ABOUT THIS TASK: Only the lines below from the one that holds "Math Magic is" through the one that holds "Активисты Коломенского штаба" should appear in the answer, copied exactly, end lines included and pictures omitted.

Stored entries
::::

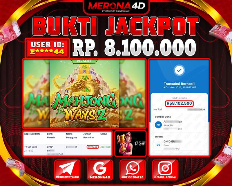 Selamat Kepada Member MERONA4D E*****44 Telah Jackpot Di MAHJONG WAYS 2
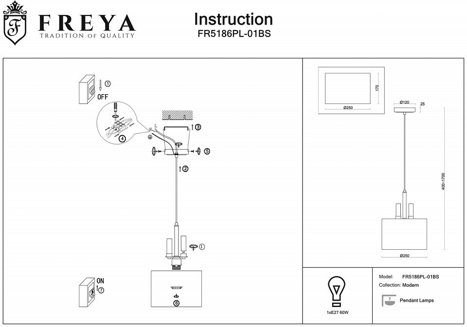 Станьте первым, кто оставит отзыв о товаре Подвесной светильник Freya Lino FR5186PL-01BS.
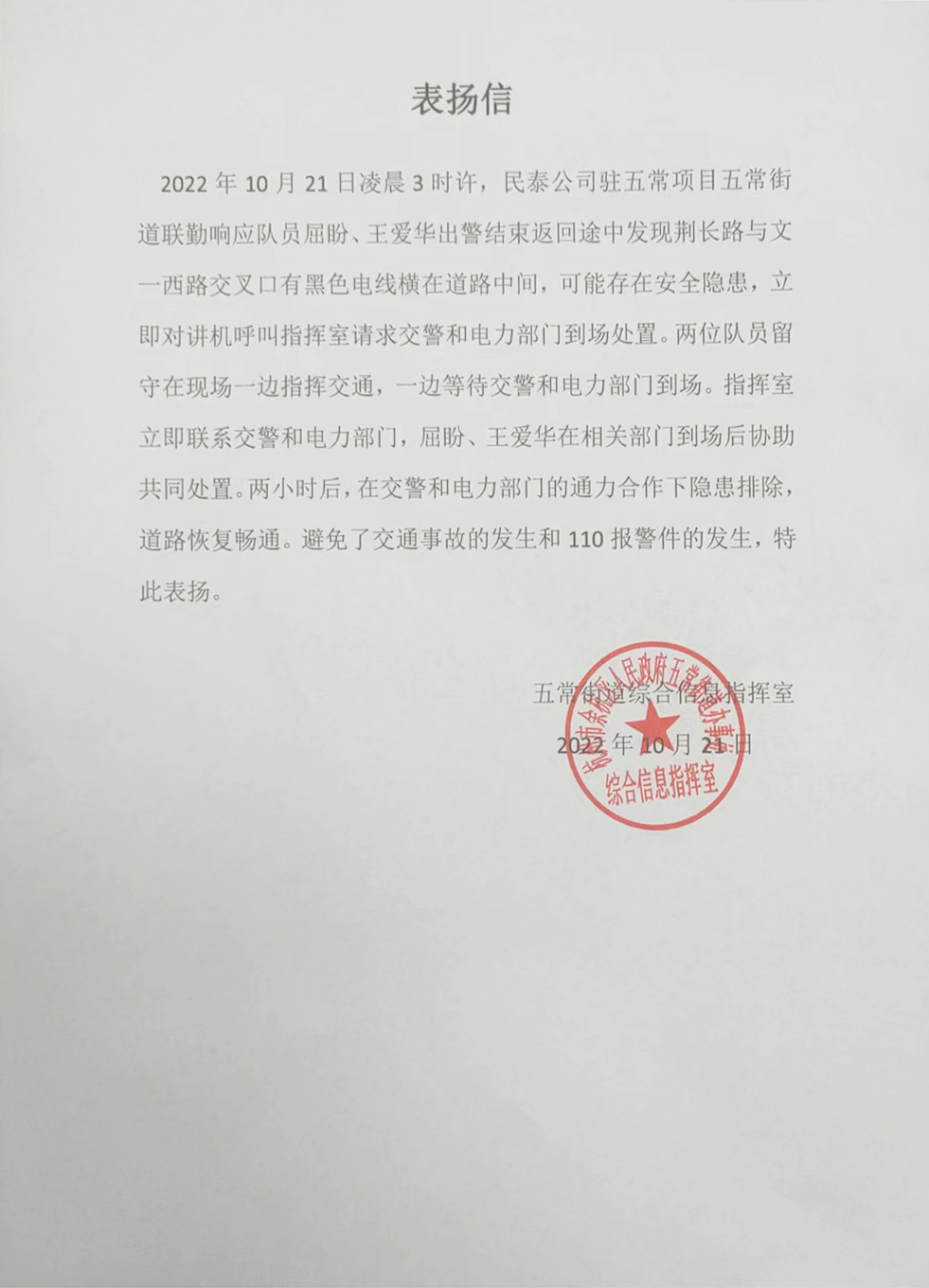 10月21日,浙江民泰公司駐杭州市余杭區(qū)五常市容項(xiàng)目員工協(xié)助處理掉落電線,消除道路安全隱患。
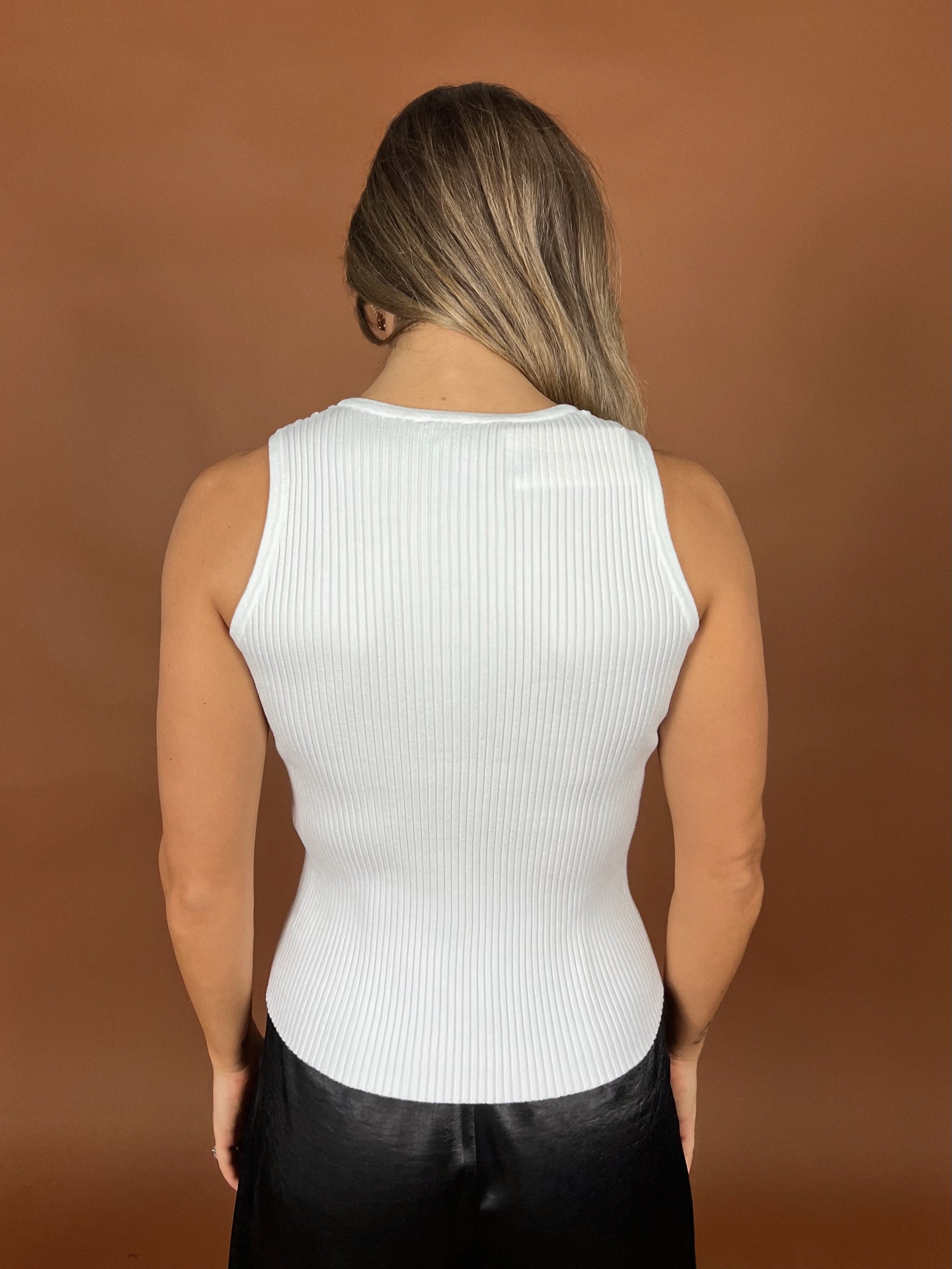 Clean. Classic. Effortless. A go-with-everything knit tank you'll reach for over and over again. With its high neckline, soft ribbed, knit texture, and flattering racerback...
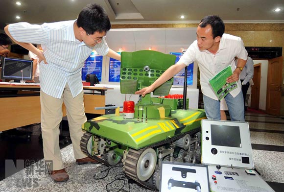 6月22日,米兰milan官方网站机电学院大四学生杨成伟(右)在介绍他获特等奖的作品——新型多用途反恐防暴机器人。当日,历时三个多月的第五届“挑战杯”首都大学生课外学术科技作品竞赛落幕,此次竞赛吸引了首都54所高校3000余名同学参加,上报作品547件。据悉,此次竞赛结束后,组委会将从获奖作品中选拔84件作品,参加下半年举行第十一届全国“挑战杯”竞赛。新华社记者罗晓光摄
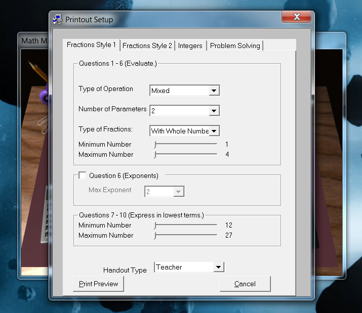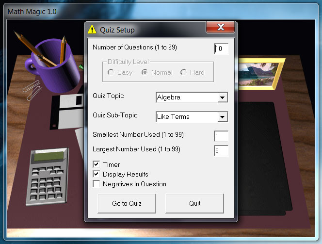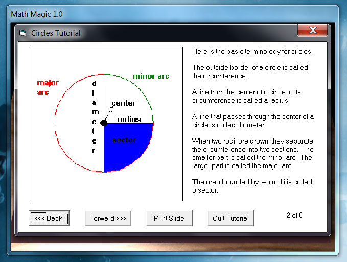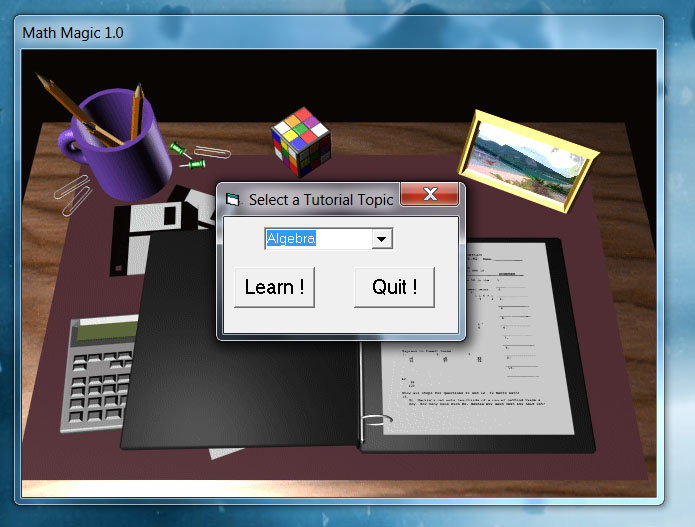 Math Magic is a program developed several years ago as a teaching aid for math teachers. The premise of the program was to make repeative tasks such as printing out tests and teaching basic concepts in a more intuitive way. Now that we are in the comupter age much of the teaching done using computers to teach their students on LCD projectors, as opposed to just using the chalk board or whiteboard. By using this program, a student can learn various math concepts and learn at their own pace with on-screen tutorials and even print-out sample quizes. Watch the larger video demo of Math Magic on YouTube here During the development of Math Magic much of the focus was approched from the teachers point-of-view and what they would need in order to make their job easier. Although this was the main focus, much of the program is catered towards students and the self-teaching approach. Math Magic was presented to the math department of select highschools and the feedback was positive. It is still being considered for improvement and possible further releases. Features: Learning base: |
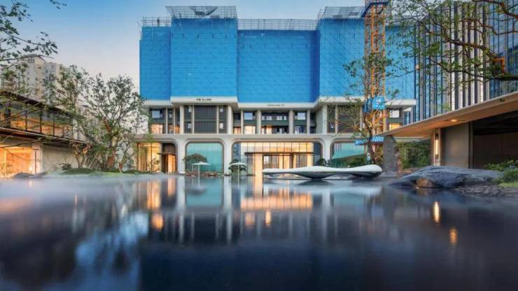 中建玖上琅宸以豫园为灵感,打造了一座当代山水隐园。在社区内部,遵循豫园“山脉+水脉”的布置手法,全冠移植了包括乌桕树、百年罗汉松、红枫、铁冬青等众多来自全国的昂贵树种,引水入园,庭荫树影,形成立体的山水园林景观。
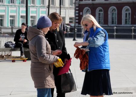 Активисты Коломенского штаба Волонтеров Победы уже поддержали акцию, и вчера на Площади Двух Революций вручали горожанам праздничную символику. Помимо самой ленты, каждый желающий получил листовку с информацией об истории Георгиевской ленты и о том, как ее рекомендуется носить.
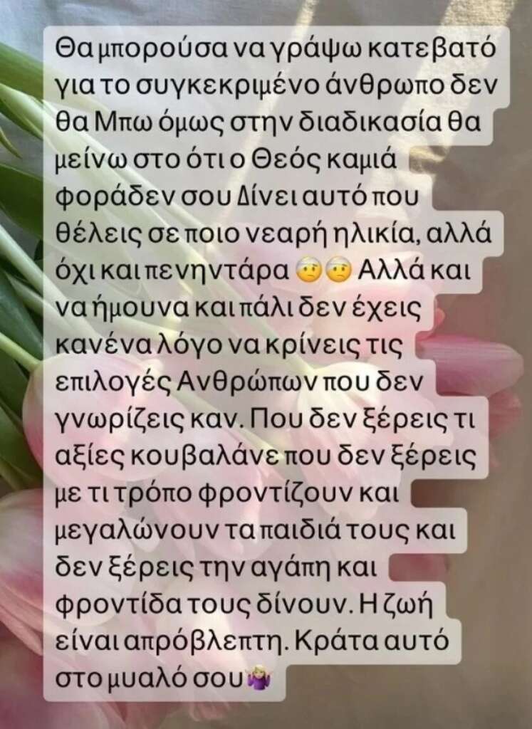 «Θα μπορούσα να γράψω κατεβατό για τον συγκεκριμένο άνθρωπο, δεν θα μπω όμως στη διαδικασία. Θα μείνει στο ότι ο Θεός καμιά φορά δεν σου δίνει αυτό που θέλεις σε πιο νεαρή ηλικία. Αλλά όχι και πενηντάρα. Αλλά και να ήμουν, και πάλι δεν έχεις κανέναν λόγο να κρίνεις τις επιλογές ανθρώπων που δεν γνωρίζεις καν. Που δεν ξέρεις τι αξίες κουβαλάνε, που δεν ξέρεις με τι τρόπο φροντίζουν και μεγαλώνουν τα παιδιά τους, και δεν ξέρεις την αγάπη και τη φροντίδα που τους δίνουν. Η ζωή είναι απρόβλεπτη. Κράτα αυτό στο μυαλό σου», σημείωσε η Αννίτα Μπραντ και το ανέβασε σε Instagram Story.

::::

WRITTEN ANSWER:
 Math Magic is a program developed several years ago as a teaching aid for math teachers. The premise of the program was to make repeative tasks such as printing out tests and teaching basic concepts in a more intuitive way. Now that we are in the comupter age much of the teaching done using computers to teach their students on LCD projectors, as opposed to just using the chalk board or whiteboard. By using this program, a student can learn various math concepts and learn at their own pace with on-screen tutorials and even print-out sample quizes. Watch the larger video demo of Math Magic on YouTube here During the development of Math Magic much of the focus was approched from the teachers point-of-view and what they would need in order to make their job easier. Although this was the main focus, much of the program is catered towards students and the self-teaching approach. Math Magic was presented to the math department of select highschools and the feedback was positive. It is still being considered for improvement and possible further releases. Features: Learning base: |
 中建玖上琅宸以豫园为灵感,打造了一座当代山水隐园。在社区内部,遵循豫园“山脉+水脉”的布置手法,全冠移植了包括乌桕树、百年罗汉松、红枫、铁冬青等众多来自全国的昂贵树种,引水入园,庭荫树影,形成立体的山水园林景观。
 Активисты Коломенского штаба Волонтеров Победы уже поддержали акцию, и вчера на Площади Двух Революций вручали горожанам праздничную символику. Помимо самой ленты, каждый желающий получил листовку с информацией об истории Георгиевской ленты и о том, как ее рекомендуется носить.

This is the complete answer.